副題にもあるように、海外メディアが震災時の日本人について報じた内容のピックアップ。
各国メディアの報道内容について深く考察されている訳ではありませんが、 それは本書の意図するところではないと思います。
冷静さ、沈着さ、礼儀正しさ、などなど、既に広く報道されたり耳にしている美点を
中心として批判的意見少々という内容でしたが、改めてまとめて読むと、
被害に遭われた方々の行動に頭が下がります。
本書にはありませんでしたが、震災後に速やかにボランティアに向かわれた方々、
今もボランティアされている方々も多くおられます。
他方では、水や食料の買い占めもあり、自分を含め、必ずしも全ての日本人が、
他を思い遣る行動を取れた訳ではありませんでしたし、政府や東電の隠蔽体質が また明らかになった震災でもありました。
無気力、不景気などと日々耳にして、多くの人がそれを鵜呑みにして自信を喪失し、
利己的になっているのが、今の日本ではないでしょうか。
そんな今、こうして他国から素晴らしい資質と認められた姿をまとめて
コンパクトに見られたことは意義があると思います。
子供の躾と同じですね。

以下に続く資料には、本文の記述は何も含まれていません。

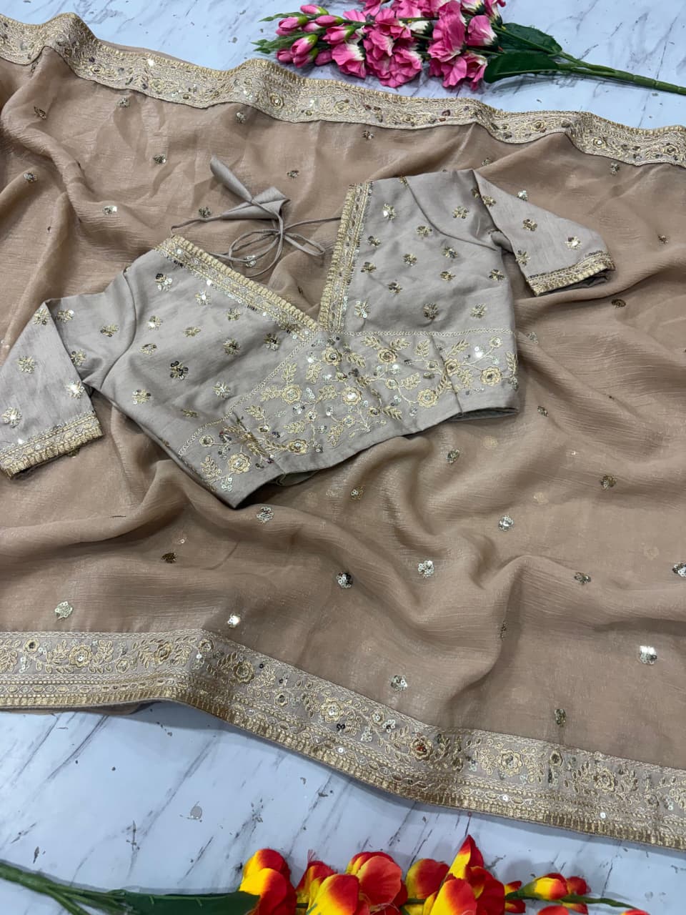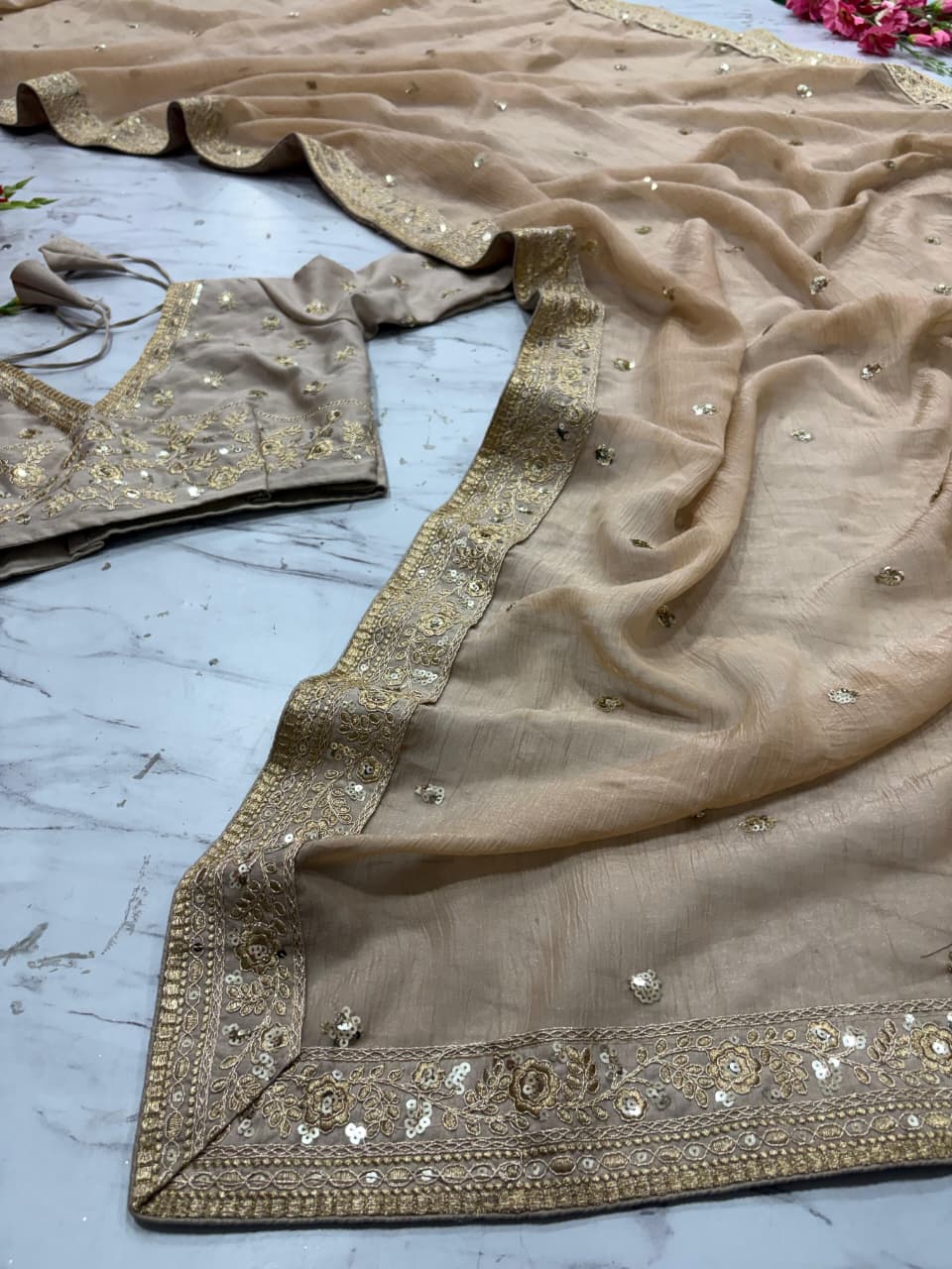 Saree : Premium Gold Crush Saree Embellished With Beautiful Sequins Work And Coding Work
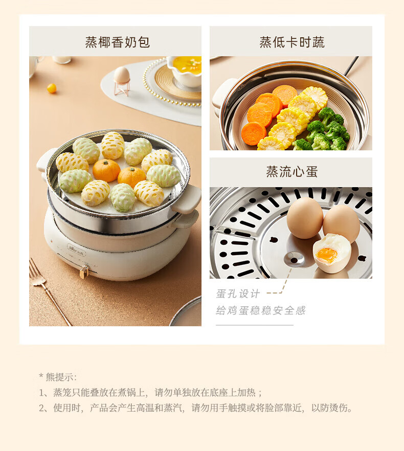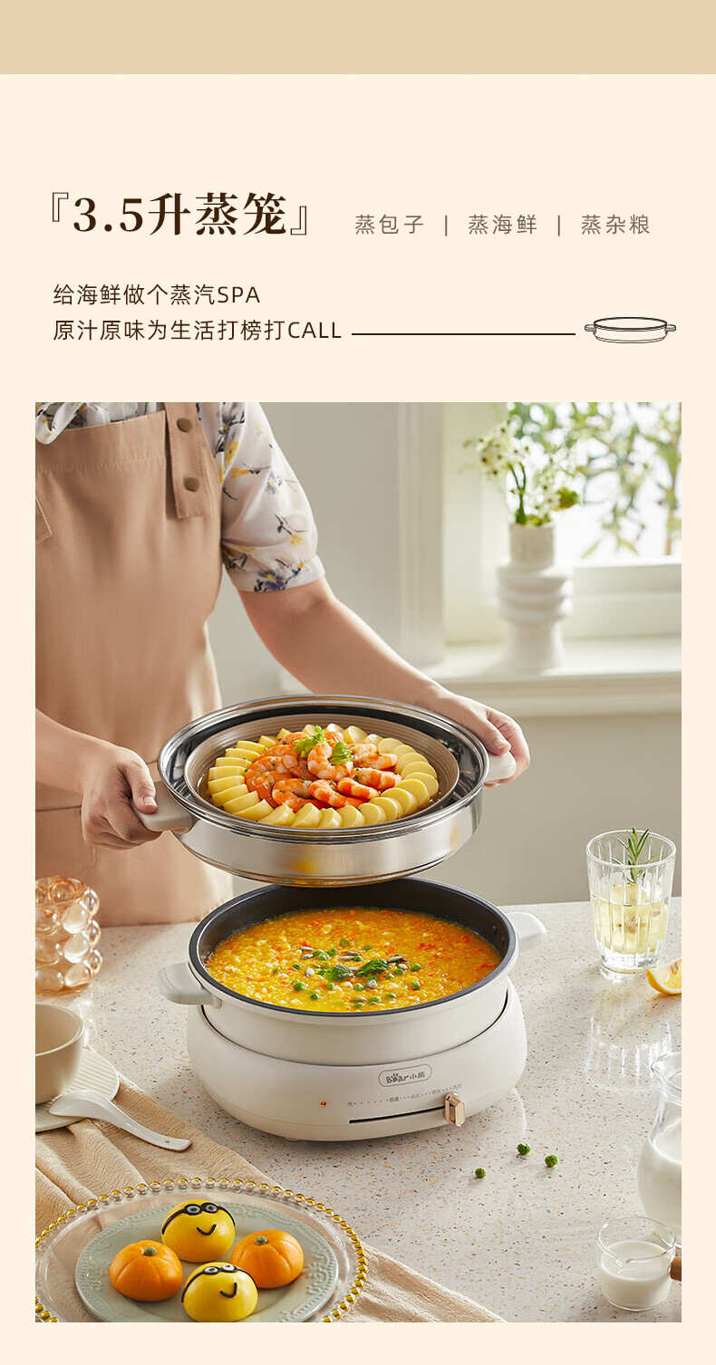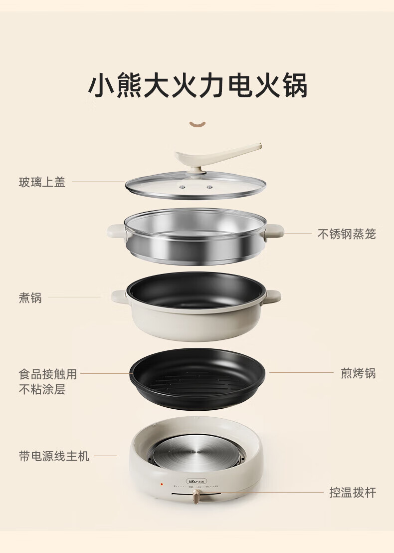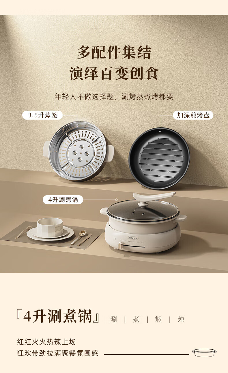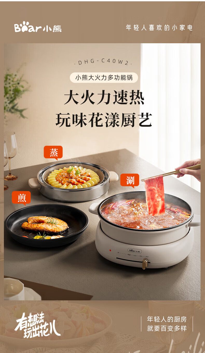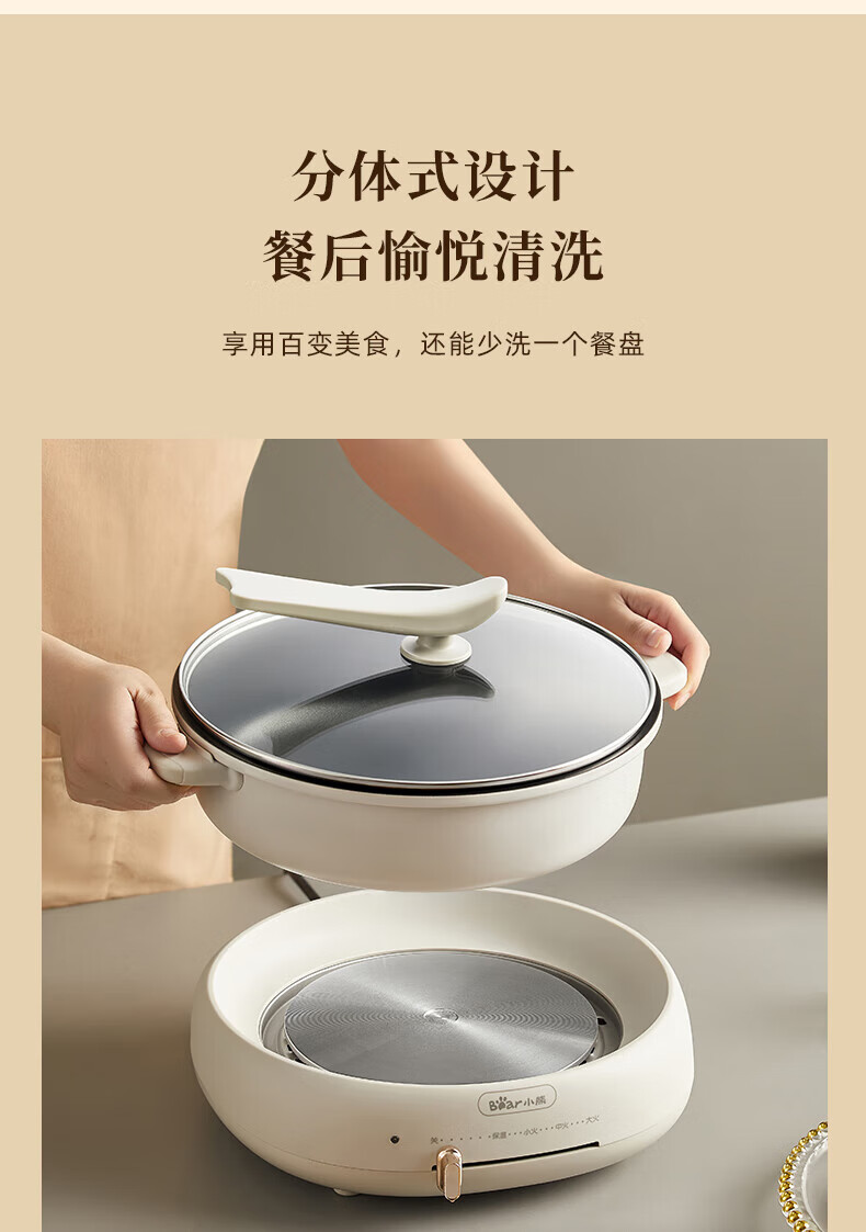 小熊(Bear) 电火锅4L 电蒸锅多功能锅DHG-C40W2/台 奶茶色

叱ったり小言ばかり言っても受け付けない。
批判するより、こんなにステキだよ、と褒めてやると頑張れる。
自分自身も、日々の暮らしに追われる中、周囲を気遣う気持ちや思い遣る気持ちが持てて
いないと、改めて気づき、また指摘されたように感じます。
おそらく、ほんの100年〜150年前には当たり前であった愛や思い遣りの気持ち、自分で判断、
行動できる自律性を、自分も持ちたいと強く思い、道徳教育の大切さを考えさせられました。
民度の高い国民でありたいです。